- Directed by: Alain Tanner
- Written by: Alain Tanner
- Starring: Clémentine Amouroux Catherine Rétoré
- Cinematography: Renato Berta
- Edited by: Brigitte Sousselier
- Distributed by: Gaumont Distribution
- Release date: 1979;
- Running time: 130 minutes
- Countries: Switzerland France
- Language: French

= Messidor (film) =

1979 film

Messidor is a 1979 Swiss-French drama film written and directed by Alain Tanner. It stars Clémentine Amouroux and Catherine Rétoré as two young women travelling across Switzerland. The film premiered in 1979 and was entered in competition at the Berlin International Film Festival. It was later screened at festivals including Solothurn and São Paulo.

== Synopsis ==
Two young women hitchhike across Switzerland. Through the people they encounter along the way, they become increasingly alienated from society and eventually kill a man.

==Cast==
The cast includes:

- Clémentine Amouroux as Jeanne Salève
- Catherine Rétoré as Marie Corrençon
- Franziskus Abgottspon
- Gerald Battiaz
- René Besson

== Background ==
The film was inspired by travel diaries written by two female hitchhikers during three weeks of wandering in Switzerland. It also grew out of a project initially intended for Maurice Pialat and based on a real French criminal case from the 1970s involving two runaway girls. Tanner took on the project only on the condition that he could rework the original concept around his own concerns, especially the limits of freedom.

== Reception ==
Filmdienst described Messidor as a reflection on futile youth protest and on a society dominated by technology, though it said the story’s broader meaning was weakened by its clichéd distinction between “good” and “bad” characters. SRF wrote that the film was less well received in Switzerland than Tanner’s earlier successes, but described it in retrospect as one of his most radical visions. Swiss Films described it as Tanner’s “most sombre work”, marked by a despair not relieved by his usual humour.

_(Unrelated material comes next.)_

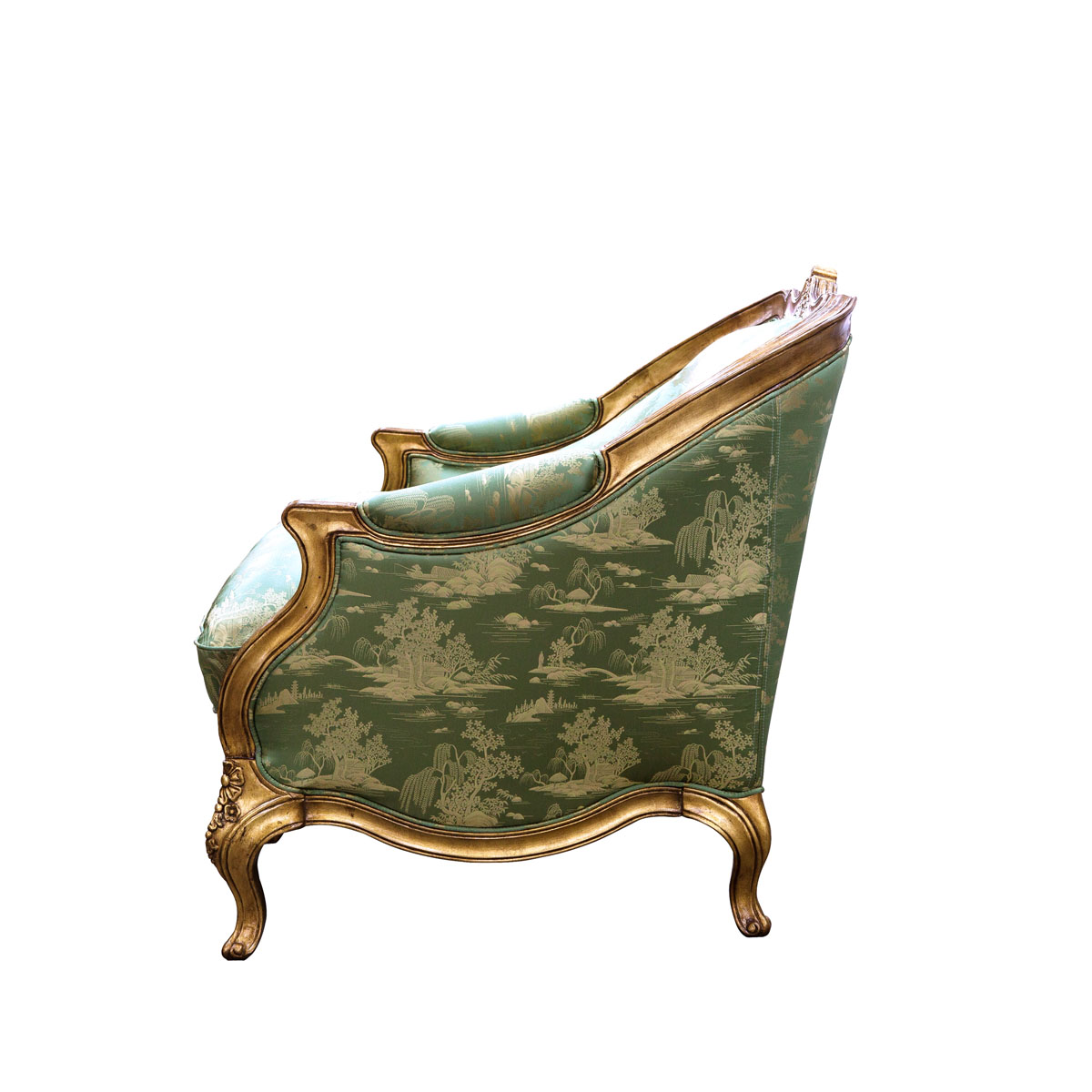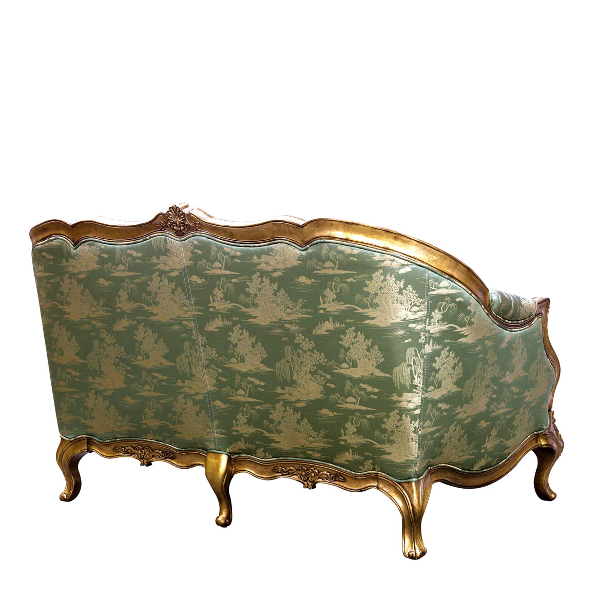 * 從法國十八世紀初攝政時期的風格中汲取靈感制作而成,采用了同風格的彎腳設計,阿坎瑟斯葉雕刻造型和金箔貼飾,再飾以中國山水圖案的絲綢和包有豐厚的填充物坐墊和靠背,使得這款沙發閃耀著華麗高貴的光環;

== Festival screenings and restoration ==
Messidor premiered in 1979 and was entered in the main competition at the 29th Berlin International Film Festival. It was later screened at festivals including the Solothurn Film Festival in 1996, the Tofifest International Film Festival in Toruń in 2009, the Cinéma Tous Ecrans festival in Geneva in 2010, the Fünf Seen Film Festival in 2011, and the Mostra Internacional de Cinema de São Paulo in 2017. A 4K digital restoration of the film was screened at the Museum of Modern Art in 2024.